Renee soon turned suspicious. “Where are you guys going?” she asked one morning. She walked to Joe and sniffed his hair. “You smell fishy,” she said.

Renee and Caroline spent their days primarily indoors in front of the fan, where it was cool. They braided each other’s hair and made papier-mâché bowls and beads and masks by wrapping gluey strips of newspaper around the various items they wished to replicate. When they were tired of making things, they watched The Brady Bunch or The A-Team on rerun or sometimes a program that showed a man painting oil landscapes, his voice so calm that it stupefied them. They learned from this man nothing about painting, only that it was possible to spend your entire day in a sort of daze, half awake, half asleep, and at the end of it to feel jumpy and restless but entirely worn out from heat and boredom.

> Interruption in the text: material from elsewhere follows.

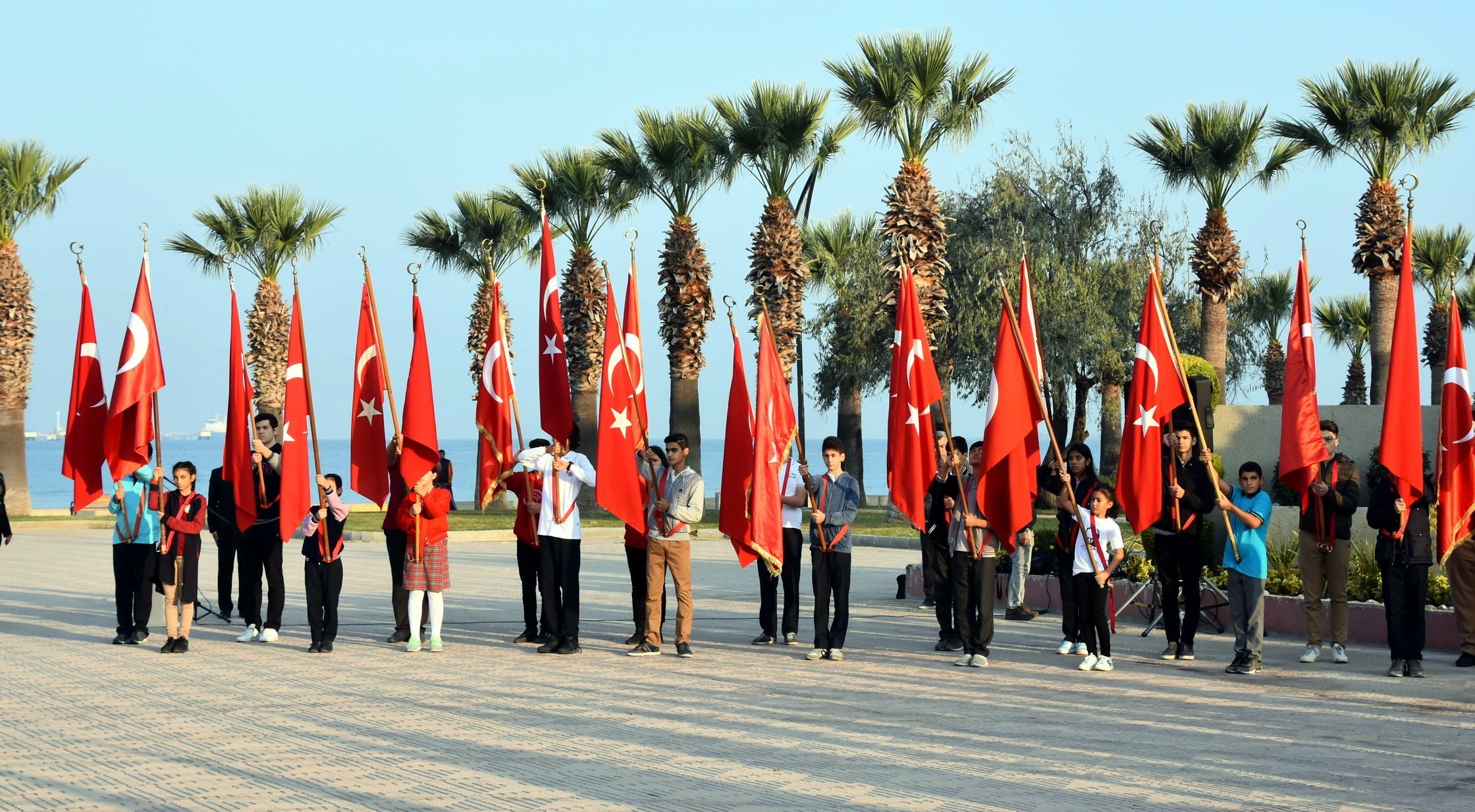 Saat 09.05’te deniz ve itfaiye araçlarının vereceği siren sesi ile iki dakikalık saygı duruşunu takiben istiklal marşı hep bir ağızdan okunacak. İstiklal Marşı bitiminde bayraklar yarıya indirilecek.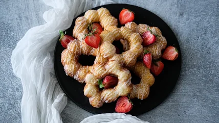 You may be familiar with mochi ice cream now that it's standard in supermarket freezer sections, but have you tried mochi donuts? While you might think these donuts come from Japan, it seems the recipe is a more or less American creation –- the first version was developed in Hawaii (also the home of butter mochi) and made with both poi and mochi, although it may have taken its inspiration from the donuts sold at a Japanese chain founded by an American. Well, whoever or however these donuts came to be, they're some of the prettiest, tastiest ones you'll find anywhere.

Renee sniffed Joe’s hair again. “Take us,” she said.

Joe and I led our sisters down the road, down the steep hill, along the bank of the brook through the woods until we reached the pond. The day was very hot, and the mere sight of the dark water cooled me off. The rushing sound operated as a hush on us all. Maples and slender birches arched over the pond. The current was weak and nearly invisible. Over the dam the water spilled like a silver cloth pulled through a wringer.

Renee let out a whistle. “Awesome,” she said.

Immediately I resented the presence of my sisters. This was our place, mine and Joe’s, and their intrusion altered the feel of it. Caroline wore a bikini and spread her towel in a sprinkling of sun. Renee began to patrol the bank in search of frogs. Yesterday I’d seen a large one, a bullfrog with a call like a rock dropping down a well, but I didn’t tell Renee. I let her search.

“Fi, let’s practice swimming,” said Joe. I scowled at him, but he lifted his eyebrows, and his face said, This is still our place. We can share with the others, it doesn’t change what we have found.

And so I relented. I let Joe place me into the water, stomach down. His hands buoyed me up, and I kicked my legs, circled my arms. I didn’t swim that day or the next, but it happened soon, that perfect moment when my body stopped being mere weight and became like the water itself: fluid, joyful, effortless. It was Joe who made this happen, Joe who clapped the loudest as I swam from bank to bank.

Over the course of that summer, Caroline and I developed a game. Inside the gray house, we rarely played together, but outside at the pond the rules shifted, expectations changed. She and I would scour the brook for water-rough pieces of broken glass or other strange treasures. The rocky bottom was full of odd detritus, perhaps castoffs from the old furniture mill or wayward bits from the town dump. Once we found a large silver spoon, then a crusty broken bicycle chain, then a small green bottle. We would arrange these treasures carefully and make up elaborate stories about their provenance and the lengths to which their previous owners would go to reclaim them. Before the Pause, Noni raised us on fairy tales and fantastic stories. Princesses and queens, mothers and trolls, a dashing prince, salvation, and a perfect everlasting love. The pond offered the perfect backdrop for magical possibility.

For weeks Caroline and I discussed the owner of the spoon, a wily queen from a distant, frozen place who became angry at her daughter and threw the spoon at the poor girl. The daughter ducked, and the spoon sailed over her defenseless head, across nations, oceans, time, and landed here in our brook.

“And then the daughter disappeared,” Caroline said solemnly. “The queen believes the girl’s spirit is hidden inside the spoon. She searches, but she can’t find it. The queen vows to search forever. Until her dying day.”

We gazed into the tarnished silver of the great spoon’s bowl and saw the barest dull reflection of our own faces staring back.

* * *

IT WAS THE second summer of the Pause when our game ended. This was when we first met Nathan Duffy. One morning we tramped down the hill and heard splashing, giggles, whoops. We emerged from the woods to see a gaggle of kids, each brown from the sun and shaggy-haired, different heights and genders but all variations on the same essential theme. Nathan was one of six siblings, looked after during the summers by their babysitter, Angela, who long ago had come to the pond when she was a kid. Now Angela spread out a flowered king sheet and sat smack in the middle with a crossword as the Duffy siblings swam, played, ate, and fought around her. Nathan was middle of the pack—two older brothers, three younger sisters—and the quietest. I hadn’t even noticed him until later that day when he appeared beside our blanket.

Nathan crouched on his haunches in the grass and asked Caroline about her book.

“Is that Nancy Drew?” he said. “Do you read the Hardy Boys, too? I like The Tower Treasure best.” It was overcast that day, a dull, heavy sky. Thunder was coming, rain too.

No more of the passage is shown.